7電力の報告書は一読の価値あり
前回記事(これからの出力制御が分かるエネ庁系統ワーキンググループ議事)の続きです。
今回は、11月12日に開催された「エネ庁系統ワーキンググループ」の本題である7電力の今後の出力制御の見通しについて触れます。
開催資料
http://www.meti.go.jp/shingikai/enecho/shoene_shinene/shin_energy/keito_wg/018.html
この膨大な資料の中に、沖縄電力から北海道電力までの主要3電力を除く今後の見通しが報告されています。
地元の電力管区の資料については、ご一読頂いた方がいいかもしれませんね。
九州電力を例に取りますと電力管区のベースラインが書かれています。
下図のように、このベースライン(電力需要)に供給側の調整限界ライン(赤線)を想定して書き込んであげると、その管区での直近の出力制御タイミングがなんとなく見えてきます。
出力制御について気になっている方は、ここだけでも要チェックですね。
再生可能エネルギーの出力制御見通し
この資料だけ読むのは結構難しく、何度か目を通さないと文意が掴みにくいと思います。
一言で言うと「各電力で現状の状況を踏まえ、10年後の出力制御見通しを再精査しました。」という資料になっています。
それを取りまとめた資料がこちら(資料1-8 各社出力制御見通しの算定結果[事務局])
電力管区の10年後の再エネ接続量を松・竹・梅それぞれ3想定し、電力管区で連系線で域外送電できる量をこれまた松・竹・梅それぞれ3想定しマトリクスにしたものが太陽光がP17~P20、風力はP21~となっています。
これによると
北海道・東北・北陸・四国電力「連系線使えたら数%の出力制御でいけます。連系線使えなかったら30%以上抑制かかります。」
中国電力「連系線使えても10%台の出力制御になるかも・・・。連系線使えなかったら30%ぐらい抑制かかるかも・・・。」
九州電力「連系線止められたら半分以上出力制御かけないとダメです。」
沖縄電力「連系線ないので出力制御不可避です。」
とおっしゃっています。
原発再稼動計画
これら見通しは、「各分野の発電所の供給力を精査」「対策を精査」「10年後の指定ルール接続増分予測」を組み合わせて計算しているんです。
その中で、何すか?これ。
原発が再稼動する前提で計算されてるんですけど。
この前提条件は話の流れからすると経産省側から出ていると思われます。
「これダメですよね?」
※原発欄の赤線内は既に再稼動している原発で、それ以外は今止まっている原発なんです。
そもそも、原発再稼動を計算に入れなければ出力制御しなくていいんですよね?10年後でも。

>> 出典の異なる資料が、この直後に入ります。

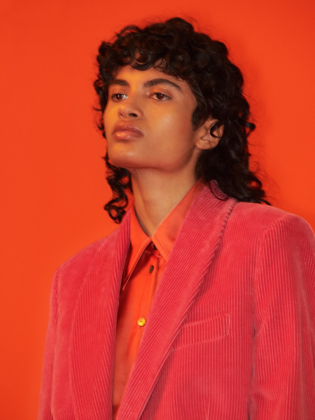 ウィメンズでは、ホットピンクのカシミアコーデュロイスーツ、ムーンリットパームフローラルがあしらわれたイブニングスーツ、ソーラーフローラルプリントのミディドレス、ジャカードのジグザグ柄トラウザーズと揃いのジャケット、レザーやシアリングのジャケット、ステムフローラル柄のシャツとトラウザーズなどを展開します。

マスコミ各位は「出力制御はじまります!!」みたいに触れ回っておられますが、九州電力の時のようにゴリ押しでそういう空気作るのやめてもらっていいですか?
余剰電力は一体どこへ?
さて、連系線の話が出力制御の話にはつきもののようですが、域外送電した余剰電力は一体どこへ行くのでしょうか?
資料の内容を纏めるとこうです。
これ主要3電力にギガ級の余剰電力を押し付ける計画になっていますが、そもそもこのワーキンググループに主要3電力は参加していないんです。
ここ一体どうなっているんでしょう?
いかに主要3電力と言えど電力の軽負荷期にギガ級の余剰電力がやってきたら捌ききれませんよね。

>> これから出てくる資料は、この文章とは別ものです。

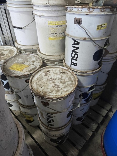 New, Unused, Sealed 50lb. Metal Pails of Purple K Dry Chemical Extinguishing Agent.
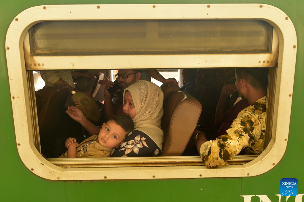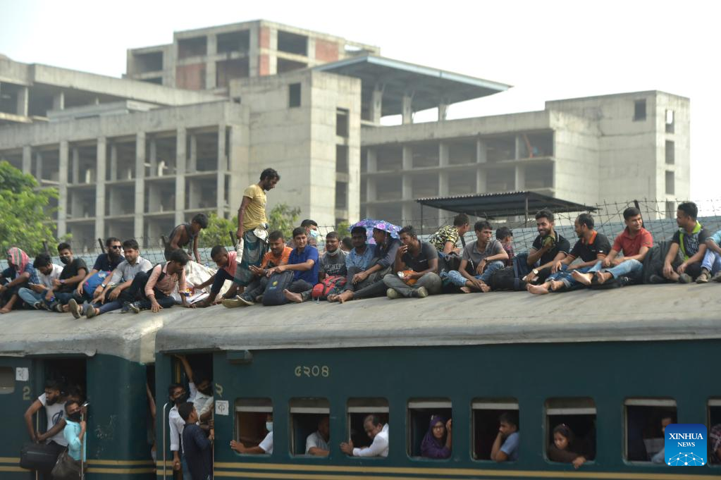 Travelers sitting on a train leave a station in Dhaka, Bangladesh, July 7, 2022. As Eid al-Adha festival approaches, many people from Bangladesh capital Dhaka have streamed out of the city to join the festival with their kith and kin in village homes. (Xinhua)

そうなると主要3電力と言えど無傷ではいられませんよね。
そうなると余剰電力の押し付け合いで、計画値に狂いが生じ全国的に抑制が発生なんてことも考えられますよね。これはまずい。
我々関西電力管区の事業者は安泰なのでしょうか?
関西電力管区の新しい出力制御ルールは対象設備が全設備で、360時間の新ルールなんですよね。
「経過措置として、50kW未満の太陽光と20kW未満風力は、当分の間、新しい出力制御のルールは適用しない。」
つまり、低圧も含め出力制御しないなんて最初から言ってない!!ということなんですね。
一瞬先は出力制御ということで、原発再稼動の計算を除外すると数年は持ちこたえられるような気がしますが、現在「対策」とよばれている連系線の件は「いずれ破綻する策」であると思われます。
ソーラージャーナルVol.27に非常に興味深い記事がありました。
「再エネの達人」という記事で、出力制御についての記事が書かれています。
出力制御の前にやることがないのか?
・関門連系線のアンタッチャブルゾーンを正せ
・出力制御の補償をFITからではなく託送料で広くから徴収せよ
・再エネより先に原発の出力制御を先にせよ。速度を落とせばできるはず
有識者の方はいろいろ妙案をお持ちのようです。
これ、事業者全体で知恵を集めないといけない時期に来ていると思います。
これからも考え続けて行きたいと思います。